Дело по-настоящему осложнилось, когда прежние сумасбродные методы стали давать противоречащие друг другу ответы. Теоремы, издавна считавшиеся правильными, оказывались неверными в особых обстоятельствах. Интеграл, вычисленный двумя способами, давал разные ответы. Последовательности, сходившиеся, как считалось, при всех значениях переменной, иногда расходились. Конечно, все было не настолько плохо, как если бы вдруг обнаружилось, что 2 + 2 иногда равно 5, но все эти странности заставили некоторых ученых задуматься о том, что такое на самом деле 2 и 5, не говоря уже о знаках + и =.

Так что, не прислушиваясь к скептическому большинству – или прислушиваясь не слишком сильно, чтобы изменить свое мнение, – немногочисленные педанты разворошили математическое здание сверху донизу в поисках прочной основы, а затем начали перестраивать его с самого фундамента.

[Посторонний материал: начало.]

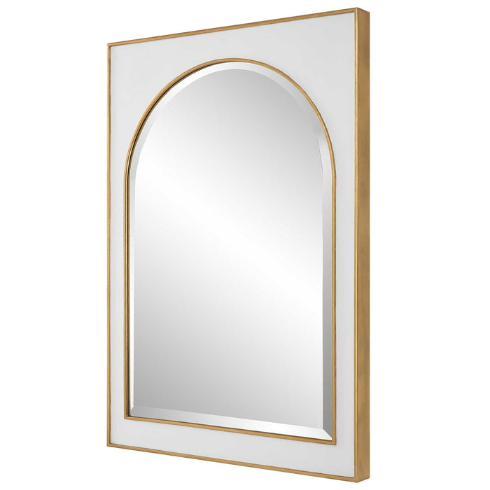 This Uttermost Crisanta Arch Gold Wall Mirror is ideal for any entryway or wall in need of an elegant touch. Crafted out of iron with a beautiful arch and raised edges finished in lightly antiqued gold leaf, this mirror features a 2.5cm bevel mirror and a glossy white finish for a luxurious look.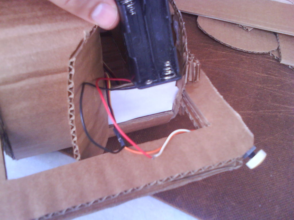 - 04齿轮的自行车后变速器齿轮(螺钉,内筒和两个瓶盖,每个); - 超过02螺丝的内筒; - 约75CM自行车链条(运行); - 床板木箱**我用3MM的轻木,因为他在家。也可以用厚纸板(0.5毫米),这是很容易找到。 - 车用齿轮,如图;或 - 标准伺服修改连续旋转(见互联网如何使这种变化); - 2衣架(伺服臂所示); - 2个小螺丝或胶水来粘住衣架。 - 支持四节电池 - 1常开开关 - 热胶,胶水,尺子,钢笔,铅笔等...

Как при всякой перестройке, получившийся со временем результат отличался от оригинала в некоторых тонких, но тревожных аспектах. Оказалось, что в понятии кривой на плоскости, существовавшем в математике со времен древних греков, имеются скрытые глубины. Традиционные примеры – окружности, эллипсы и параболы Евклида и Эратосфена, квадратриса, которую греки использовали для трисекции углов и поиска квадратуры круга, лемниската философа-неоплатоника Прокла, овалы Джованни Доменико Кассини, циклоиды и их более сложные отпрыски, такие как гипоциклоиды и гиперциклоиды Оле Рёмера, – обладали собственным очарованием и привели в свое время к замечательным успехам. Но, подобно тому как домашние животные создают обманчивую картину жизни в тропических лесах и пустынях, эти кривые были слишком правильными, чтобы представлять дикие сущности, обитающие в математических джунглях. В качестве примеров потенциальной сложности непрерывных кривых они не годились, поскольку были чересчур простыми.